“This Night Lived in a Castle” and Other Peculiar Quirks from Automated Transcripts

In this last part of my blog series I will talk about what has recently become my favourite pastime while traveling by train: fixing the transcriptions of the focus group sessions. The group interviews I wrote about last time are automatically transcribed, but those transcriptions contain mistakes that can only be fixed by human ears. Meaning is context dependent, so a word that’s transcribed wrong can often easily be reconstructed if it’s taken in relation to the topic at hand, even if the exact pronunciation might be unclear.

For the sake of confidentiality, I will have to leave the context of the mistakes vague. The examples have been selected to highlight the issues I have, while staying clear without giving too much context. As a last disclaimer I want to mention that although it is fun to nitpick these tiny mistakes, the software transcribed hundreds of thousands of words correctly, which would be a full-time job on its own. Instead, it only requires comparing the transcript with the recording to clean up small errors.

To start off with a “funny” one, my name has been transcribed wrong as “Philippe von Dijk” in nearly every session. While this is a funny mistake at first glance, that’s not my name, the implications are quite severe. My name is located in the consent form, so if the participants consent to this Philippe to see the transcriptions, I would still be excluded. Additionally, the algorithm responsible fails to see me for who I am. Let’s say I don’t trust the machines to handle my taxes just yet. Since the participants are pseudo-anonymised by being given a number (which brings its own problematics with it, but that’s a different subject), this luckily wasn’t an issue for anyone besides the researchers.

The next errors are hypothetically related to the training data of the transcription software. Because companies aren’t open about the way their models are trained, I am careful not to draw conclusions that go too far. On the website of Amberscript, which we used to transcribe an in-person focus group, the CEO explains that they “collected terabytes of data on the way to get to such a high quality level” of “machine-made transcription.” To me, this implies that the company used their own transcriptions of recordings and meetings they provided to customers in order to train their model. That is the shaky interpretative step, but if you’re willing to go along with that there might be insight to be gained. The industries that the company caters to are “Universities/education”, “Governments” and “Legal” ones. I hope that they didn’t use confidential research and legal data to train their algorithm, in order to comply with the law, so that would leave the transcription and recording of lectures and public meetings. Even so, any of these settings could be considered “formal.”

I hypothesize this to explain the transcription mistakes, which replace less formal words with words found in these other types of speech. As mentioned in another blog, the focus groups take the shape of conversational interviews. The software transcribed “trailer,” when talking about the marketing of media, with “framework.” While these words couldn’t look more dissimilar, pronouncing the words helps to understand the confusion. The word “framework” would fit quite well in a lecture on media analysis, but doesn’t make sense in this specific conversation.

It also put down “networking” instead of “nitpicking.” Where networking is a job market and industry related term, nitpicking is an informal way to point to detail-oriented critiques that can easily be disregarded instead. While nitpicking seems irrelevant by definition, when participants start referring to their problems with a game as such it benefits the research to delve deeper. These are finer details that would otherwise go unmentioned, and the use of this word shows that the participant approaches the topic self-reflexively. While the transcription software prides itself on its ability to “transcribe audio with foreign accents,” problems arise when the discussion becomes less formal. Although the data used contains “a sufficient sample size for both genders, as well as different accents and tones of voice,” these mistakes point to a possible blind spot related to vocabulary.

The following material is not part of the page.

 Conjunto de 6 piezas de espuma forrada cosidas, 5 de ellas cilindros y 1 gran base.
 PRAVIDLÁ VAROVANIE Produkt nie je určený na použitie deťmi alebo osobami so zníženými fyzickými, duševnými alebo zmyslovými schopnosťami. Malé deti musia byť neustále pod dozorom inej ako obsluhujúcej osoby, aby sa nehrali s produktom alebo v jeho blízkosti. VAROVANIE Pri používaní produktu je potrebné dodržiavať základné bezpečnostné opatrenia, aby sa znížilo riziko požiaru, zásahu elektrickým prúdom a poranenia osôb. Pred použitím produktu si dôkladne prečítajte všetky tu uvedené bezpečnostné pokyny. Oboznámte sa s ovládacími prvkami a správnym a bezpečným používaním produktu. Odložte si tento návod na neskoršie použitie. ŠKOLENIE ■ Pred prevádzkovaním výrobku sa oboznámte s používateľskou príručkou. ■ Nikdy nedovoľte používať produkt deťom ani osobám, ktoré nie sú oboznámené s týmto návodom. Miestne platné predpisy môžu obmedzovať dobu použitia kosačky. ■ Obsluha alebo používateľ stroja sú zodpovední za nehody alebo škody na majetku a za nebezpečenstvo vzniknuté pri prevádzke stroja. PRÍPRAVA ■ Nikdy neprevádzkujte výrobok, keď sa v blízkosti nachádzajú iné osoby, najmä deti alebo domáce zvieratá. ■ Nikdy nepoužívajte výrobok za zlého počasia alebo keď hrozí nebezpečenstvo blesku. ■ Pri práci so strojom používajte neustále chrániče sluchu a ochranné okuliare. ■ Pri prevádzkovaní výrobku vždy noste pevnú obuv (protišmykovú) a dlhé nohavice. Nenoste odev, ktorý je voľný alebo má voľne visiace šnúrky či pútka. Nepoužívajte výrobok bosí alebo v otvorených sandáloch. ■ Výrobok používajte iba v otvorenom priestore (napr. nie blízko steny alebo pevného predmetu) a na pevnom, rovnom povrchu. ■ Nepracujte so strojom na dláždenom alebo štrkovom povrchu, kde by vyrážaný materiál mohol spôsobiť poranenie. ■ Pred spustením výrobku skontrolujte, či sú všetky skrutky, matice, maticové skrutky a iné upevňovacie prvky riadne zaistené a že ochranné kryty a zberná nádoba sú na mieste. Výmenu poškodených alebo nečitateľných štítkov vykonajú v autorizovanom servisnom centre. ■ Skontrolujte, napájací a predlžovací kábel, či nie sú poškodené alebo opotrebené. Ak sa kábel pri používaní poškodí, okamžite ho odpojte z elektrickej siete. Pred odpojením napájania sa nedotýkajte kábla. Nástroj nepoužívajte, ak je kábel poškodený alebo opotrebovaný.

Lastly, there were some mistakes that I couldn’t place. These errors don’t fit the word groups or the contexts they are a part of, and do not point to the way Amberscript explains its “speech to text linguistic model.” Although they clarify it has “varied success,” this model is supposed to use the context of sentences to correct grammar by filling in unpronounced letters. Since this automated linguistic process is context bound, it surprised me to see the software transcribe “this night lived in a castle.” Of course, there is a silent “k” missing from the sentence, and Amberscript did transcribe the word correctly in the sentence after, but it is pretty clear which word that is pronounced like “night” would live in such a building. Why it made this error is beyond me.

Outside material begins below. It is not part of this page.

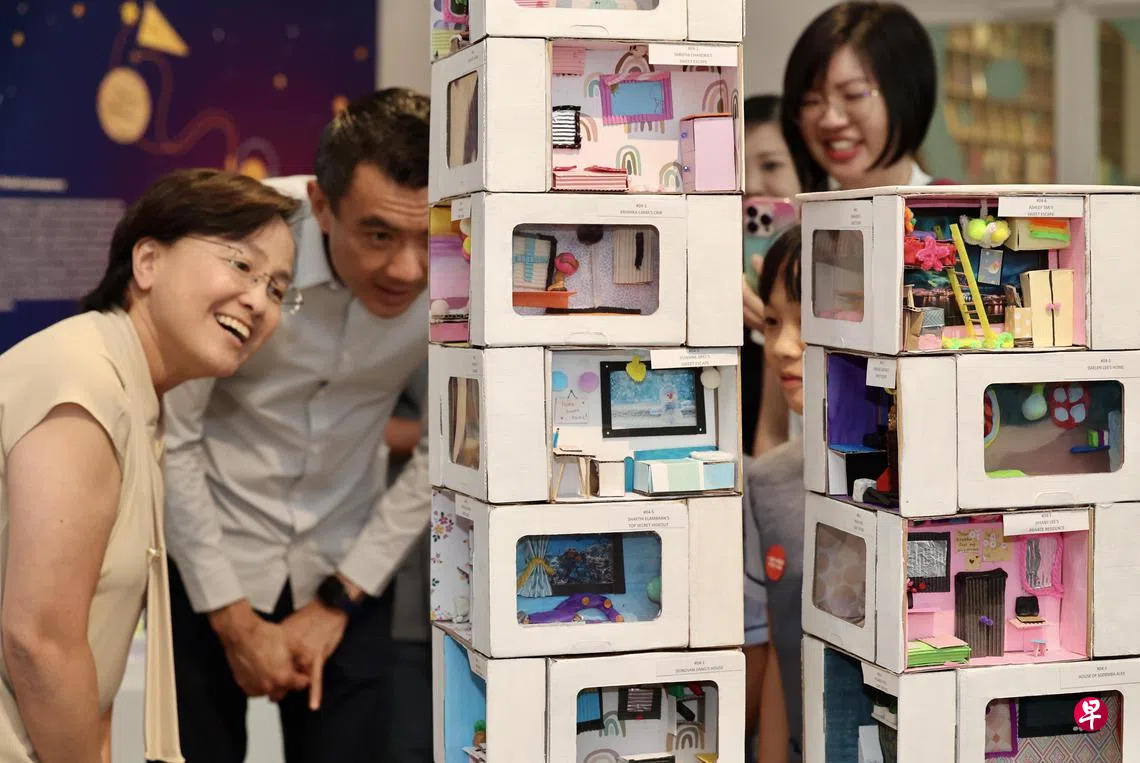 受本地艺术家黄慧莲(Dawn Ng)关于组屋走廊的作品的启发,每个学生都在独立的盒子空间里制作自己的 “梦想房间”,体现他们的身份认同和生活愿望。

And that is where I will leave this blog series: on a note of not-knowing. Because although I have learnt a lot about quantitative- and social science, there is a lot left to discover. While I feel like I have a grasp on the tools used in this discipline, this mistranscription shows how noticing errors doesn’t always result in understanding why it made the error. I hope these blogs show how reflecting on your own development in an academic field can be fun. I also hope that this last post, while technical, shows that the analysis of mistakes (even if they’re not your own) can result in potential insights or hypotheses for further research.